According to an embodiment of the present disclosure, the above-mentioned T lymphocytes may further include at least one of the following additional technical features:

According to an embodiment of the present disclosure, the first single-chain antibody is CD19 single-chain antibody, the second single-chain antibody is CD22 single-chain antibody, the first antigen is CD19, the second antigen is CD22, and the the first heavy chain variable region is a CD19 heavy chain variable region, the first light chain variable region is a CD19 light chain variable region, and the second heavy chain variable region is a CD22 heavy chain variable region, The second light chain variable region is the CD22 light chain variable region.

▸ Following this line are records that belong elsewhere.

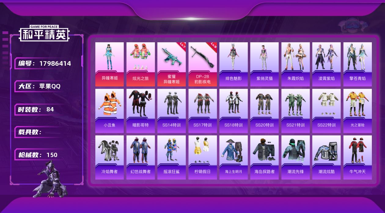 [17986414]【特价出售/店主推荐】苹果 手Q-2粉装-3特效枪-2粉色飞行器-40245热力值-3王牌印记-84套装-150枪皮【热门品类】:套装-小丑鱼,套装-暗影哥特【粉色套装】:粉装-炫光之旅,角色-异瞳寒姬【粉色枪皮等级】:蜜獾-异瞳寒姬(七级),Mk14-福马献瑞(五级),DP-28-豹影疾电(五级)【粉色枪皮】:蜜獾-异瞳寒姬,Mk14-福马献瑞,DP-28-豹影疾电【粉色飞行器】:炫彩糖果飞行器,千面幻镜飞行器
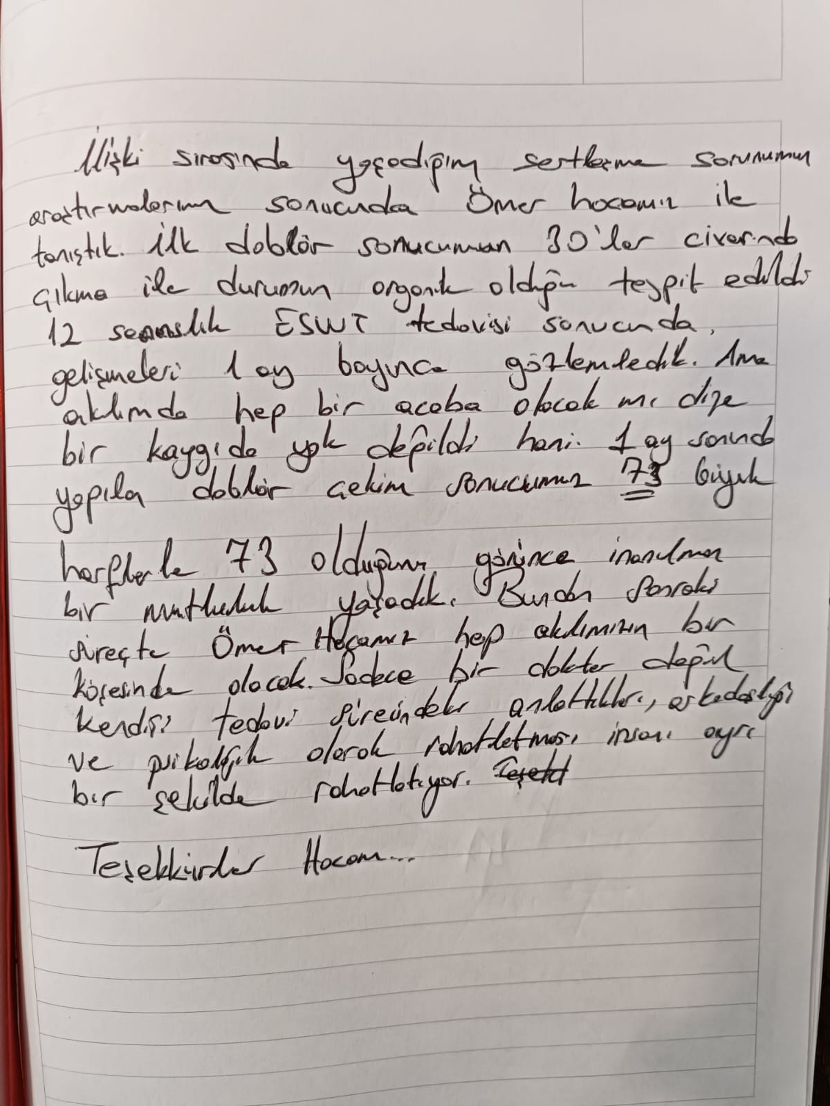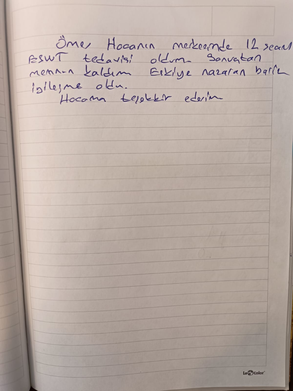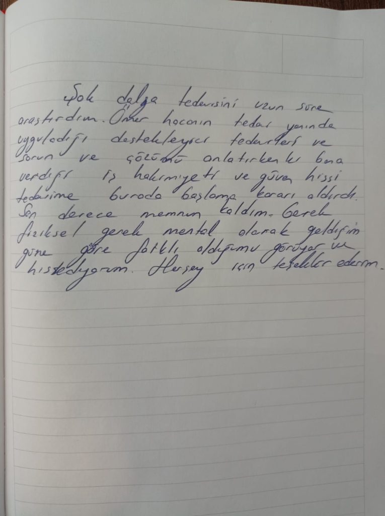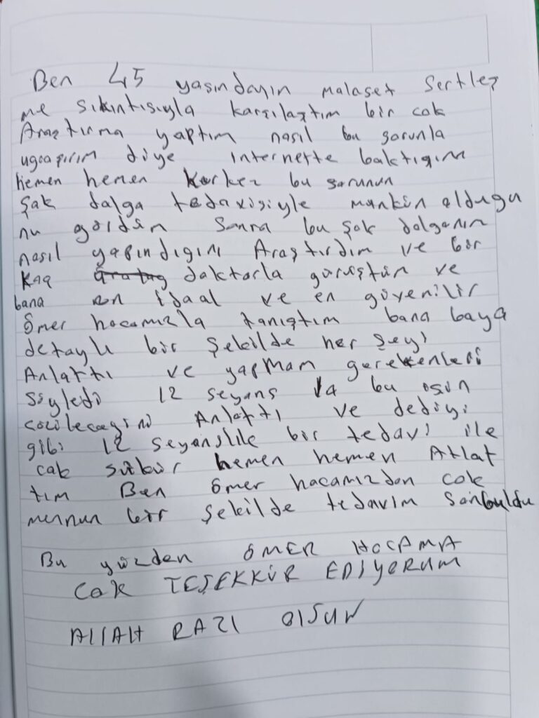 Size tedaviye gelmeden önce başka bir yerde ESWT tedavisi gördüm. Faydası olmadı. Size gelirkende faydası olacak mı diye tereddüt ederek geldim. Tedavi süresi boyunca ilgi ve alakanız her soruya sıkılmadan cevap verdiğiniz için çok teşekkür ederim. Seansların faydasını da çok şükür gördüm. Herşey için çok teşekkür ederim.
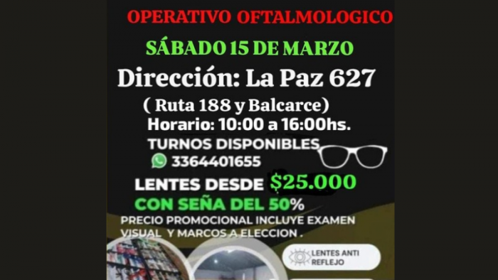 El sábado 15 de marzo, de 10.00 a 16.00 horas, se desarrollarán en la calle La Paz 627, entre Ruta 188 y Balcarce, las pruebas de test visual gratuitas y trámites de cristales a precios accesibles.
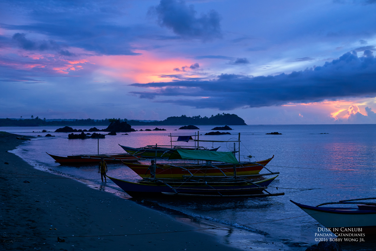 "I can see a small tributary down there. And where it meets the sea there appears to be a small fishing village beside it. You think that might be a good place to stalk dusk today?" "Oh why not?!!" That's the kind of conversation that launched a thousand ships, and today it will lead us to a place we haven't been. Again.A good 45 minutes later, we found ourselves within the sleepy town of Canlubi in Pandan Catanduanes, where we finally found a few stands of Pandan trees after which the town was named. Literally off-the-beaten-track, the folks here don't get a lot of visitors. Heck, they don't even have a corner store, neither the comforts of a modern life. Isolated. Unknown. And forgotten.In the end dusk wasn't majestic, but it didn't disappoint either. It was too cloudy for glory, but some light made it through, peppering the sky with swathes of orange lined with crimson. The highlight was making new friends there, friends we exchanged phone numbers with, and that's more than we originally expected in these parts. Enjoy.
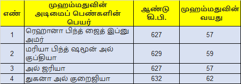 மூலம்: wikiislam.net/wiki/List_of_Muhammads_Wives_and_Concubines
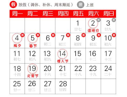 2019年春節(jié)是2月5日(星期二)
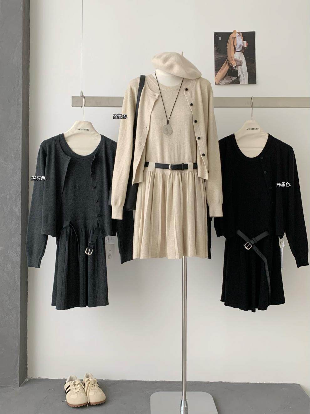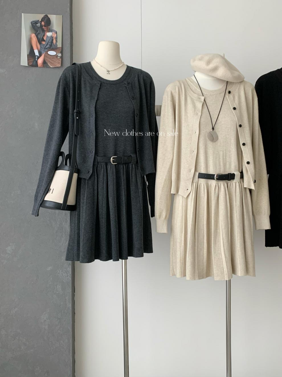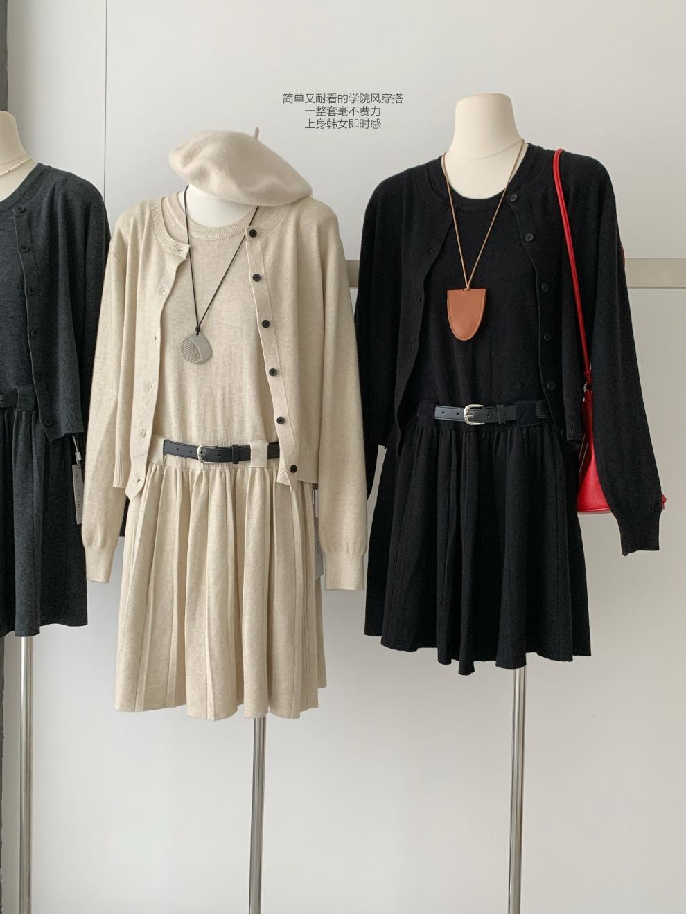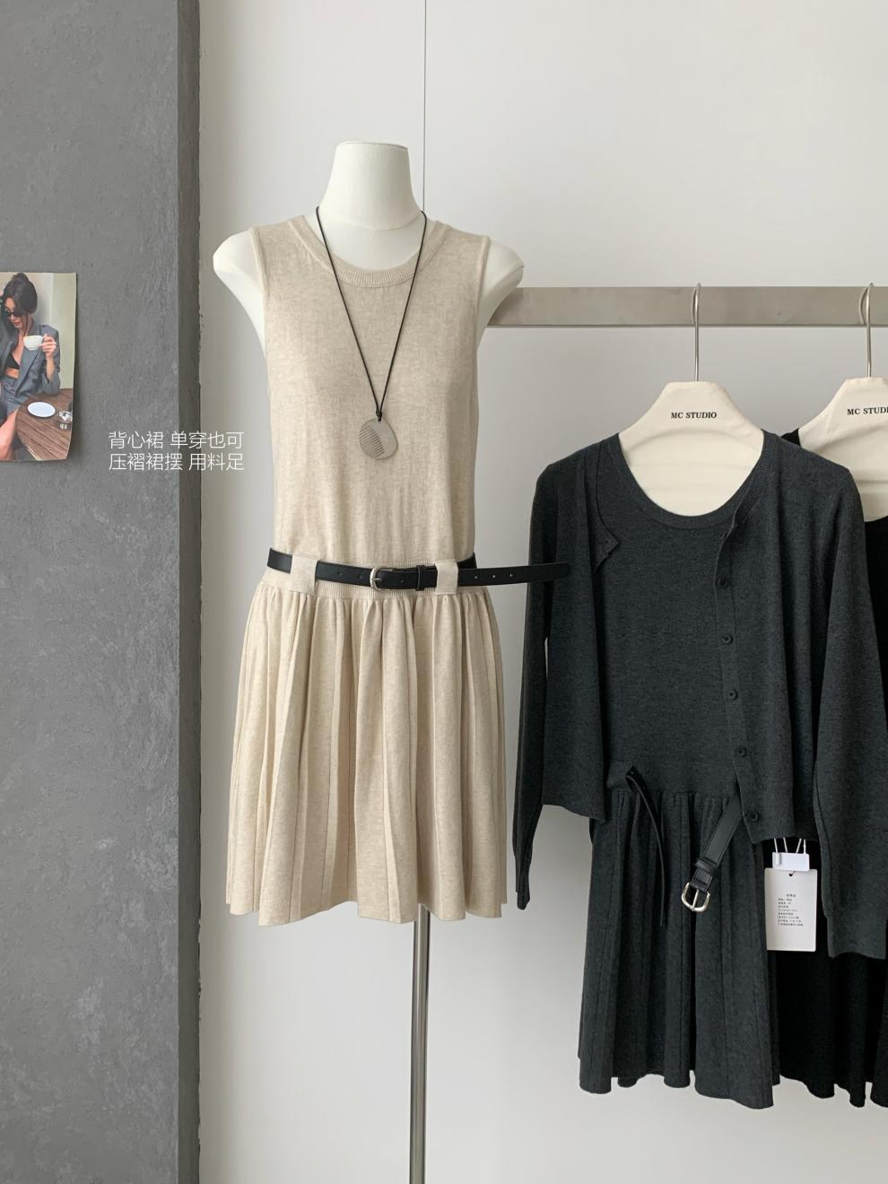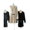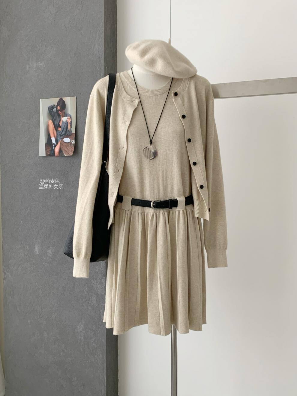 Suéter cárdigan de estilo coreano holgado, suave y versátil con cuello redondo + vestido chaleco plisado con cinturón
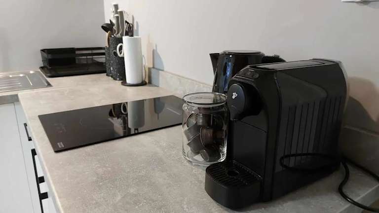 Die Ferienwohnung verfügt über ein Schlafzimmer, eine Küchenzeile mit Kühlschrank und Geschirrspüler, einen Flachbild-TV und einen Sitzbereich. Es gibt ein Badezimmer, das mit einer Dusche ausgestattet ist. Handtücher und Bettwäsche werden zur Verfügung gestellt.
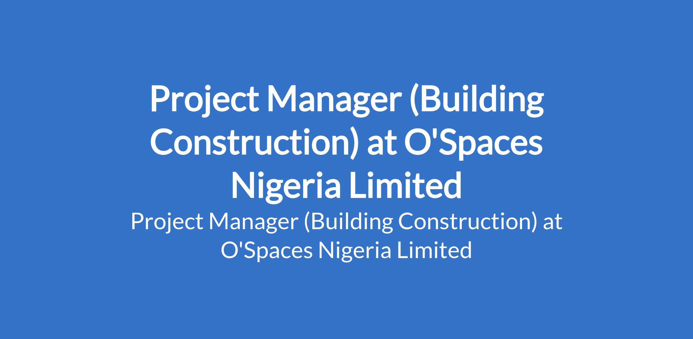 O'Spaces Nigeria Limited is recruiting to fill the position of: Project Manager (Building Construction). The position is located in Onikan, Lagos State. Interested candidates should possess a Bachelor's Degree in Construction Management, Civil Engineering, or related fields with a minimum of 15 years of experience in building construction project management and prior experience of at least 10 years as a Site Manager.
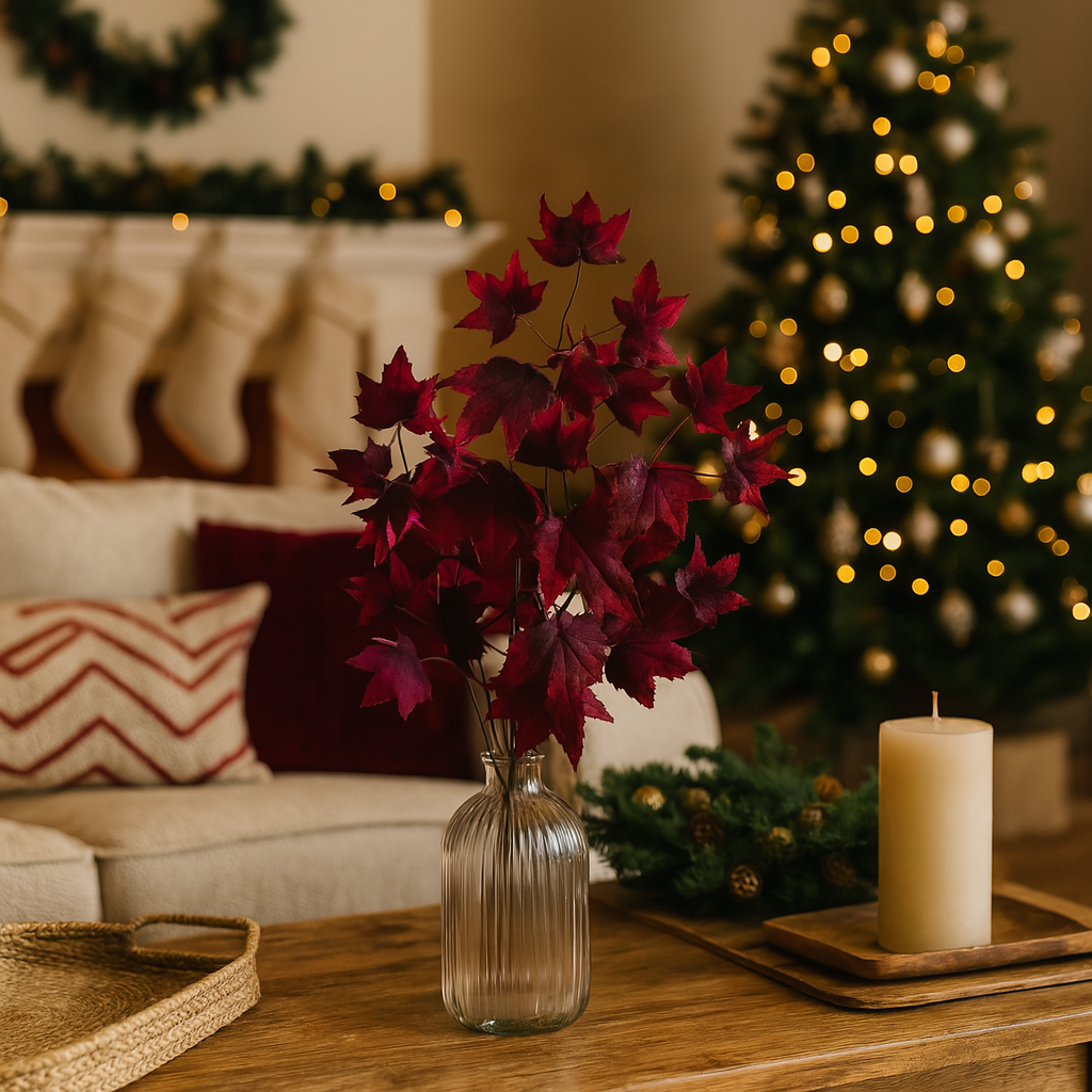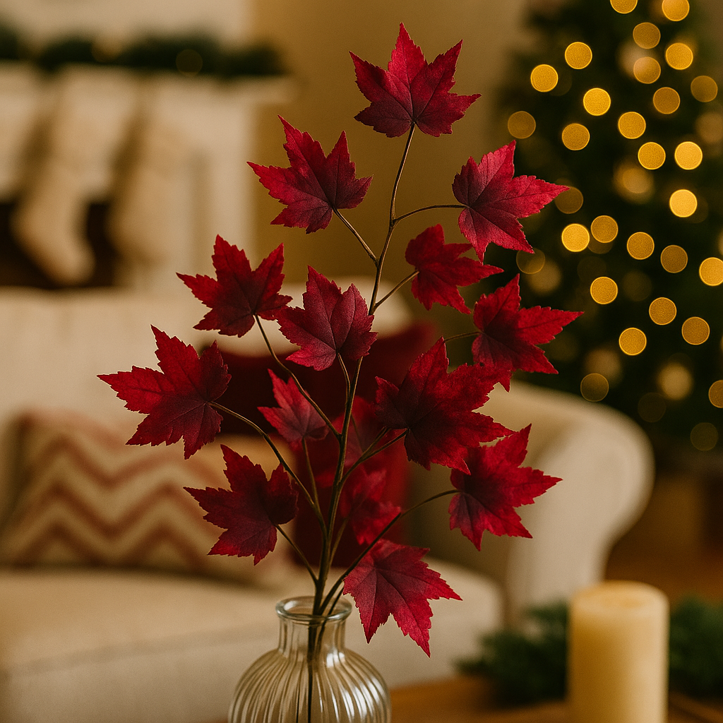 Ramo decorativo a forma di Acero effetto velluto, color rosso scuro da 100 cm
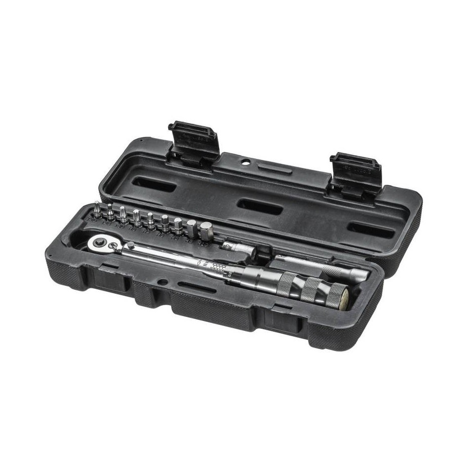 Herramienta dinanométrica ajustable con mango de aleación y llave de 1/4. Rango de apriete 2-24 Nm, Precisión ±4 %. Incluye juego de puntas. NÚMERO DE HERRAMIENTAS: 9. HERRAMIENTAS: Hex 3/4/5/6/8/10, Puntas de tubo T20/T25/T30, Adaptador de tubo de 25 mm y extensión de 75 mm.
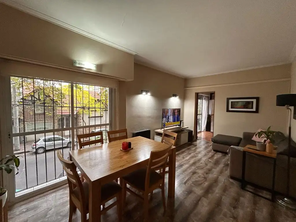 Al entrar nos encontramos con un living comedor super luminoso gracias a sus gran ventanales, cuenta con balcón francés; seguido por la cocina, completamente reciclada, con ventilación natural e instalación de gas hecha.
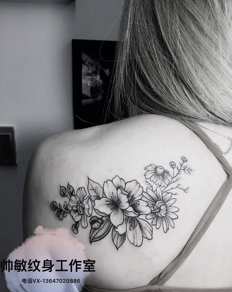 花纹身图片_帅敏TATTOO静物清新背部手稿纹身图案
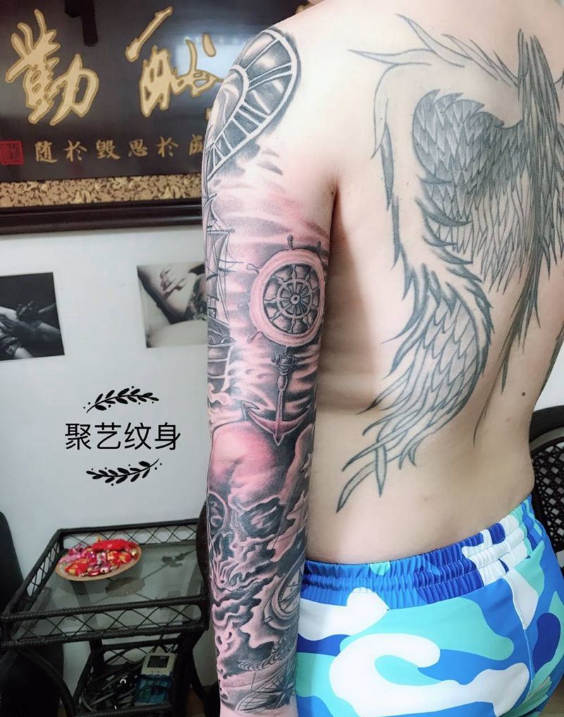 当前位置: 首页 >天津市纹身店-聚艺纹身纹身图案>欧美航海花臂纹身图片_

The T lymphocytes according to the embodiments of the present disclosure can specifically kill single/double positive tumor cells of CD19 and CD22,

According to an embodiment of the present disclosure, the first single-chain antibody is CD19 single-chain antibody, the second single-chain antibody is BCMA single-chain antibody, the first antigen is CD19, the second antigen is BCMA, and the The first heavy chain variable region is a CD19 heavy chain variable region, the first light chain variable region is a CD19 light chain variable region, and the second heavy chain variable region is a BCMA heavy chain variable region, The second light chain variable region is a BCMA light chain variable region.

According to an embodiment of the present disclosure, the N-terminus of the first connecting peptide is connected to the C-terminus of the second single-chain antibody, and the C-terminus of the first connecting peptide is connected to the N-terminus of the first single-chain antibody , the C-terminus of the first single-chain antibody is connected to the N-terminus of the CD8 hinge region. The inventors found that the second single-chain antibody, the first connecting peptide and the first single-chain antibody in the above-mentioned connecting sequence, the secretion of cytokines, such as IL-2, IFN-γ, is lower, according to the embodiment of the present disclosure. In vivo treatment of T lymphocytes is safer.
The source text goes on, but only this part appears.